The anger arrived three days after my daughter died.
I sat in my hospital bed staring down at my arms. Purple and swollen from blown out veins and the IVs and tubes that saved my life. My skin, mottled and ugly, bearing the bruises of my battle with death.
The battle that I only half won.
I survived, but she did not.
There was so much anger.
I found that the bruising on my arms was much easier to take in than the gentle platitudes being forced upon me. I did not want to hear how lucky I was to be alive. I did not want to hear that she was in a better place.
I just wanted to scream for everyone to shut the fuck up.
But, instead, I swallowed my screams. I swallowed my anger. But instead of disappearing inside of me, they churned and raged. I felt the anger sitting in my stomach–hot and dangerous.
A nurse scanned my arm musing about where they should move my IV. “Maybe you could put it in the part of my arm where my veins are still intact,” I remarked.
I heard a smug laugh from the corner. A doctor that I did not particularly care for looked up from the clipboard she carried like a shield.
“My, my.” she muttered loud enough for everyone to hear, “We must be feeling better. You’re awfully cranky today.”
My face flushed with red, hot rage that I fought to keep under my skin. I felt like the anger was going to burn me. I felt like it was my only choice to let it sear me from the inside. It did not feel like an option to let it out.
They wanted me to take a walk. They told me a change of scenery would help.
“It’s time to get up out of that bed. There’s a garden in the courtyard outside of the Oncology wing that might be nice to visit.”
The anger bubbled up inside of me.
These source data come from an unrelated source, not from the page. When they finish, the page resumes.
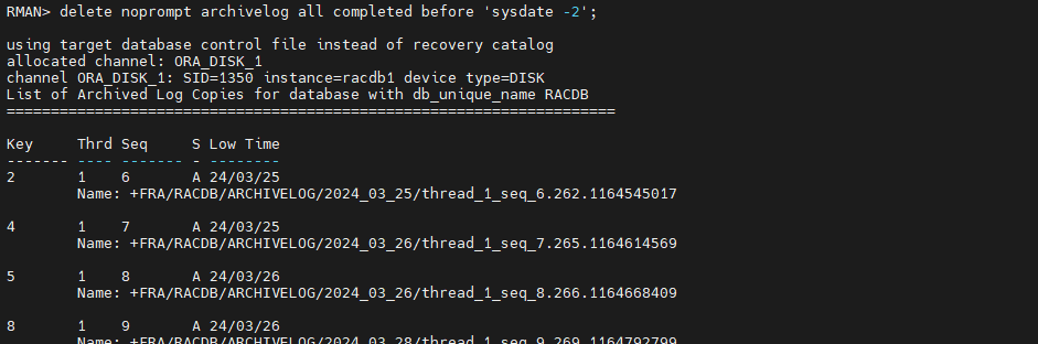 RMAN> delete noprompt archivelog all completed before 'sysdate -2';
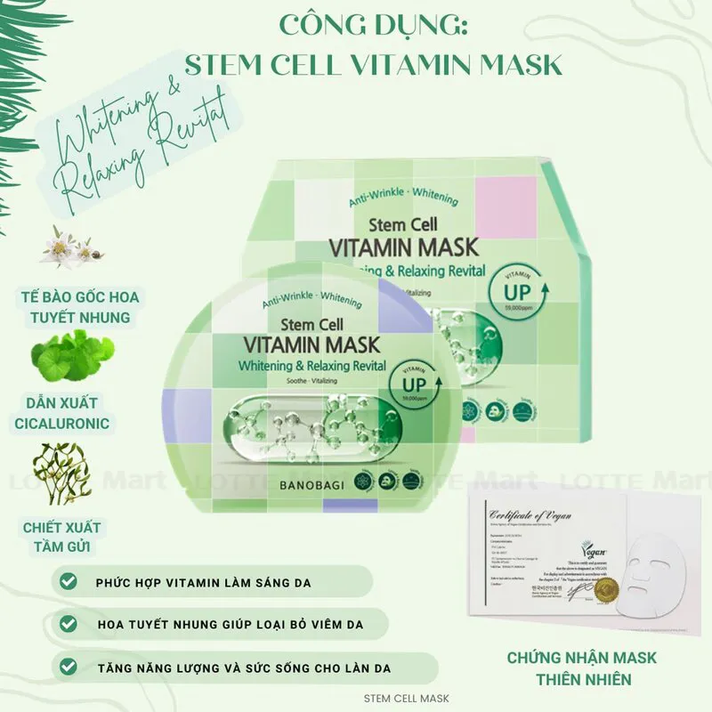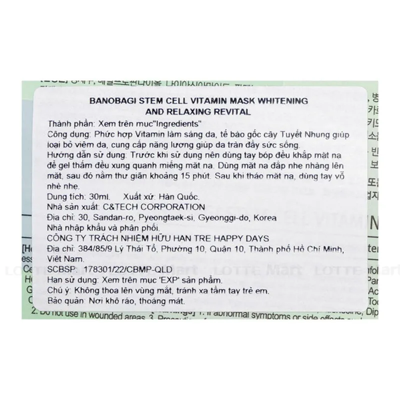 Mặt Nạ Banobagi Dưỡng Sáng Thư Giãn Da Whitening & Relaxing Revital Gói 30g là phiên bản mới của dòng mặt nạ giấy dưỡng da đình đám từ nhà Banobagi. Chất liệu để làm nên mặt nạ Banobagi Stem Cell Vitamin Mask vẫn là cotton 100% tự nhiên, vô cùng thân thiện với mọi làn da, kể cả da nhạy cảm, da dễ kích ứng. Mặt nạ Banobagi không phải là loại mặt nạ thông thường mà là mặt nạ cung cấp vitamin dạng gel.
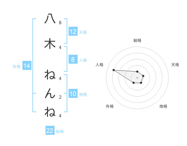 八木 ねんねさんを姓名の画数から五運を鑑定
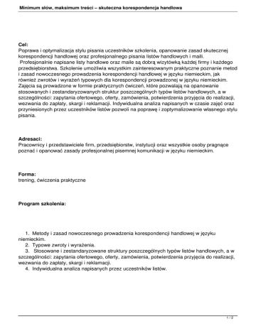 Minimum słów, maksimum treści – skuteczna korespondencja handlowa Cel: Poprawa i optymalizacja stylu pisania uczestników szkolenia, opanowanie zasad skutecznej korespondencji handlowej oraz profesjonalnego pisania listów handlowych i maili. Profesjonalnie napisane listy handlowe oraz maile są dobrą wizytówką każdej firmy i każdego przedsiębiorstwa. Szkolenie umożliwia wszystkim zainteresowanym praktyczne poznanie metod i zasad nowoczesnego prowadzenia korespondencji handlowej w języku niemieckim, jak również zwrotów i wyrażeń typowych dla korespondencji prowadzonej w języku niemieckim. Zajęcia są prowadzone w formie praktycznych ćwiczeń, które pozwalają na opanowanie stosowanych i zestandaryzowanych struktur poszczególnych typów listów handlowych, a w szczególności: zapytania ofertowego, oferty, zamówienia, potwierdzenia przyjęcia do realizacji, wezwania do zapłaty, skargi i reklamacji. Indywidualna analiza napisanych w czasie zajęć oraz przyniesionych przez uczestników listów pozwoli na poprawę i zoptymalizowanie własnego stylu pisania. Adresaci: Pracownicy i przedstawiciele firm, przedsiębiorstw, instytucji oraz wszystkie osoby pragnące poznać i opanować zasady profesjonalnej pisemnej komunikacji w języku niemieckim. Forma: trening, ćwiczenia praktyczne Program szkolenia: 1. Metody i zasad nowoczesnego prowadzenia korespondencji handlowej w języku niemieckim. 2. Typowe zwroty i wyrażenia. 3. Stosowane i zestandaryzowane struktury poszczególnych typów listów handlowych, a w szczególności: zapytania ofertowego, oferty, zamówienia, potwierdzenia przyjęcia do realizacji, wezwania do zapłaty, skargi i reklamacji. 4. Indywidualna analiza napisanych przez uczestników listów. 1/2 Minimum słów, maksimum treści – skuteczna korespondencja handlowa Program szkolenia obejmuje 15h Powrót 2/2
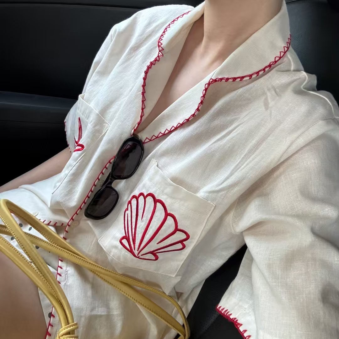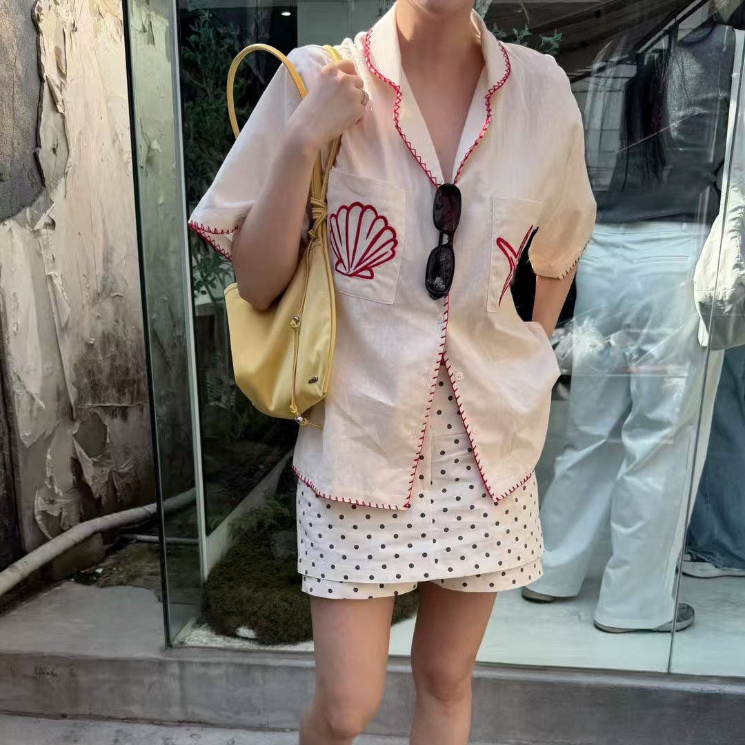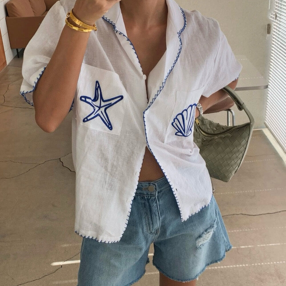 韩国东大门翻领撞色手工缝线刺绣贝壳海星宽松休闲棉麻短袖 女 衬衫
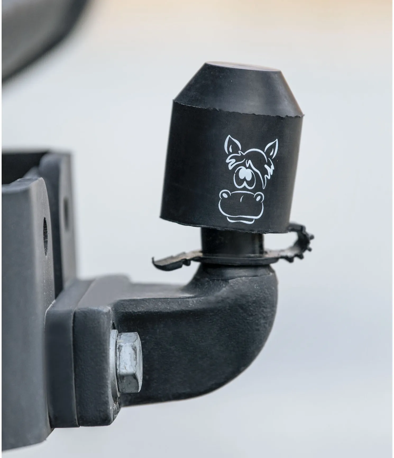 Protection d’attelage en caoutchouc avec impression tête de cheval.
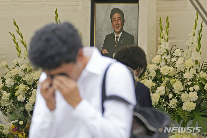 [도쿄=AP/뉴시스] 한 남성이 8일 일본 수도 도쿄 미나토구에 자리한 조죠지 사찰에서 열린 아베 신조 전 일본 총리 1주기 법요에 참석해 흐느끼고 있다. 지난해 7월8일 아베 전 총리는 나라현 나라시에서 참의원 선거 지원 연설 도중 총격을 받아 숨졌다. 2023.07.08. |
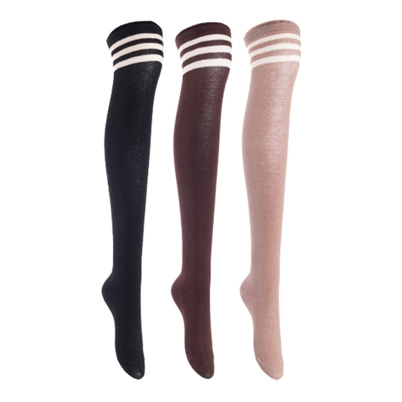 Lian LifeStyle Women's 3 Pairs Adorable Comfortable Soft Thigh High Over Knee High Cotton Socks, Size 6-9, JMYP1022 (Black, Coffee, Khaki)
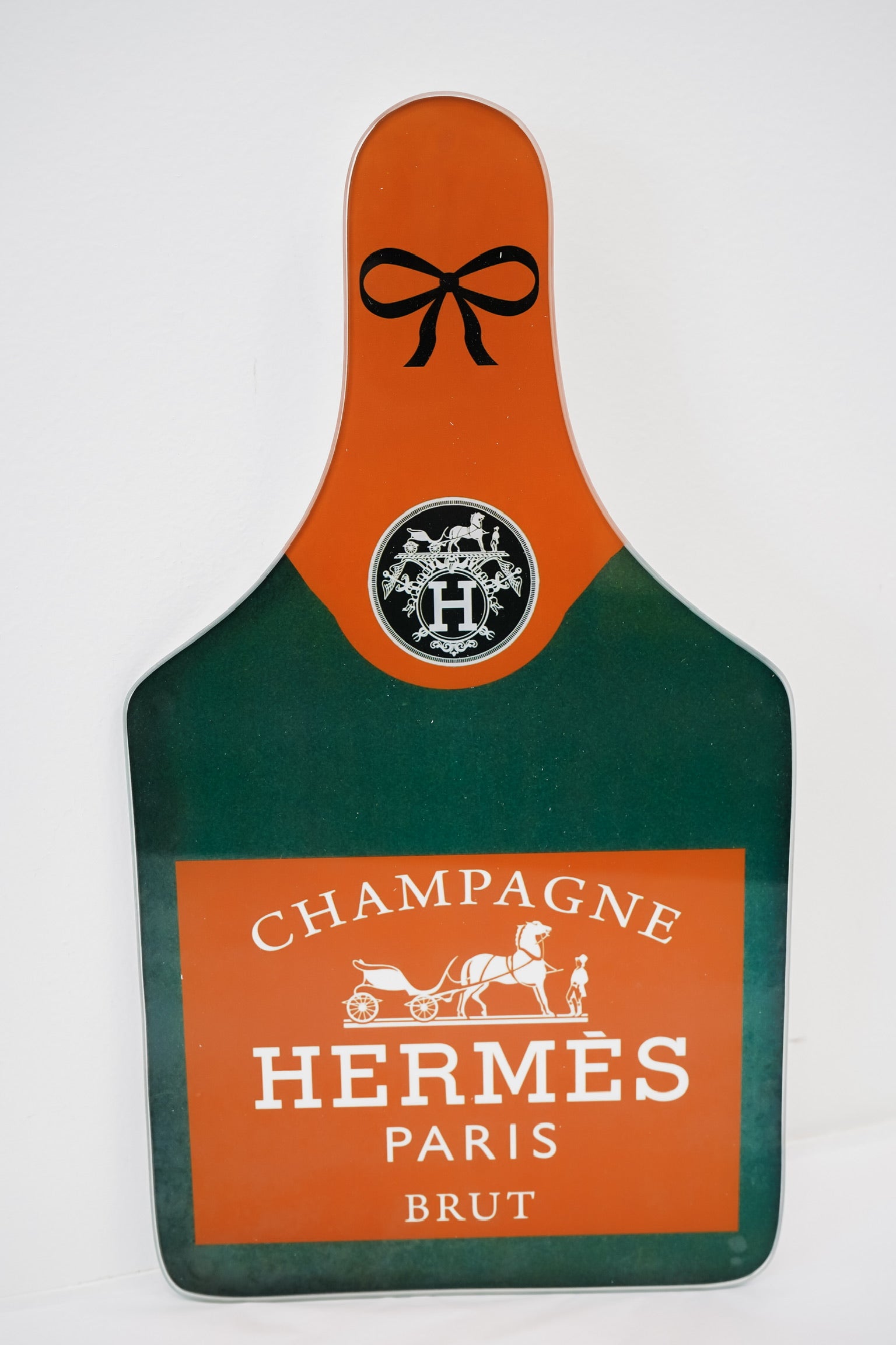 Jazz up your kitchen with this champagne bottle shaped glass cutting board featuring a fresh green + orange design. The rubber feet provide extra protection to your countertops while the sturdy glass adds durability. Get your slice of style today!
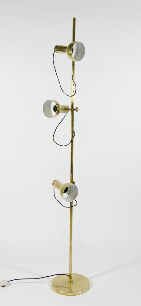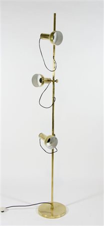 Lampada a stelo in ottone con 3 luci. Anni '70. H. cm. 170.
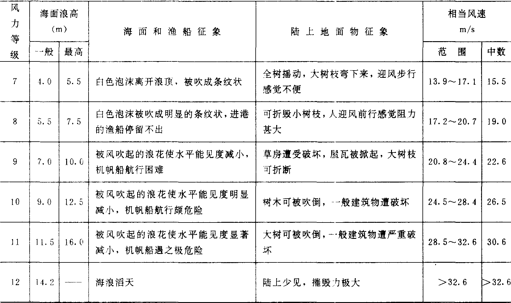 续 表风 力 等 级 | 海面浪高 (m) | 海面和渔船征象 | 陆上地面物征象 | 一般 | 最高 | 10 | 9.0 | 12. 5 | 被风吹起的浪 花使水平能见 度明显减小, 机帆船航行危 险 | 树木可被吹倒, 一般建筑物遭破 坏 | 11 | 11. 5 | 16.0 | 被风吹起的浪 花使水平能见 度显著减小, 机帆船遇之极 危险 | 大树可被吹倒, 一般建筑物遭严 重破坏 | 12 | 14.2 | - | 海浪滔天 | 陆上少见, 摧毁 力极大 |
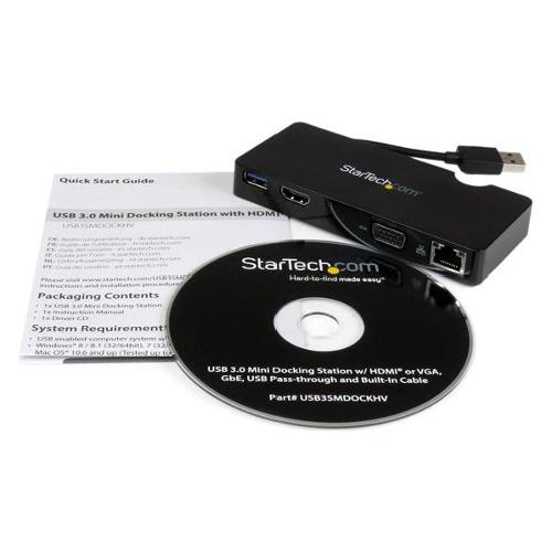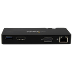 La docking station da viaggio per laptop consente di trasformare il laptop o Ultrabook™ in una workstation portatile. Consente di aggiungere un'uscita video HDMI® o VGA, una porta hub USB 3.0 e una porta RJ45 Gigabit Ethernet utilizzando un unico collegamento host USB 3.0. Il dock adatto per il viaggio consente di superare le limitazioni delle porte dei moderni computer portatili, risultando ideale per il laptop, Microsoft Surface™ Pro 4, Surface Pro 3, Surface 3, Surface Pro 2 o Surface Book..
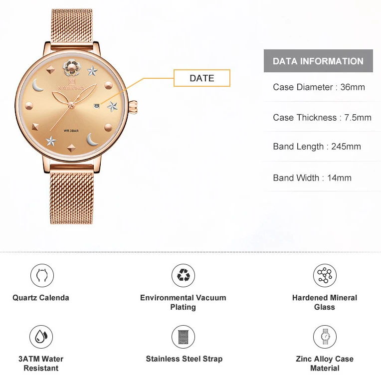 Артикул:NAVIFORCE роскошные женские часы из розового золота
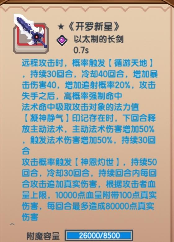 每50回合获得印记,印记可以保留,释放任意类型法术后转化为一个30回合的buff:
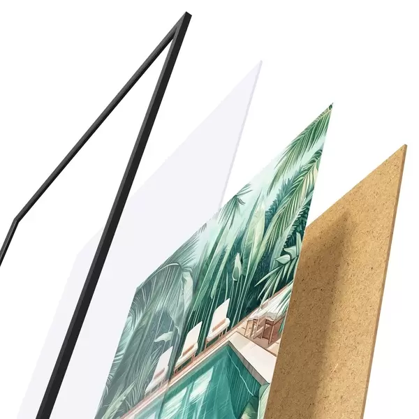 El póster consta de marco, plexiglás, imagen impresa y soporte de aglomerado. El póster puede colgarse inmediatamente en la pared gracias a los soportes de la parte posterior.

I wanted to tell them it was a stupid suggestion. It didn’t matter where I was–my daughter was dead everywhere. Unless it was a magical garden, I didn’t really see the point.
But, I said none of those things. I simply nodded and let the anger smother me.
I didn’t think I had a right to be angry. It was no one’s fault that my baby died. I was still alive. I thought anger would seem ungrateful. I thought keeping my anger subdued was a sign of strength. I was ashamed at how angry I felt.
Mike wheeled me out of the room. Maybe I could better ignore my anger somewhere else. Maybe anywhere was better than sitting in that room and suffocating in my anger.
As we wandered with nowhere to go, we passed a large window facing that ridiculous garden. I stared through the glass, trying so desperately to tamp down the fury pulsing through my veins. I couldn’t stand the sight of anything beautiful when my world was destined to be so ugly. I wanted to smash through that window and I wanted that garden destroyed. So much anger.
Mike bent over my shoulder and whispered into my ear. “I want to rip up every single plant in that fucking garden.”
I turned to face him, feeling a combination of relief and surprise.
He was angry too. I saw it in his eyes, he was so incredibly enraged at the pain we were living in. I was not alone in my anger. He was there too.
We had every right to be angry. Having your baby die sucks.
I looked at him, my eyes brimming with angry tears.
“I hate that garden. I hate being here.” I whispered. “I hate all of this.”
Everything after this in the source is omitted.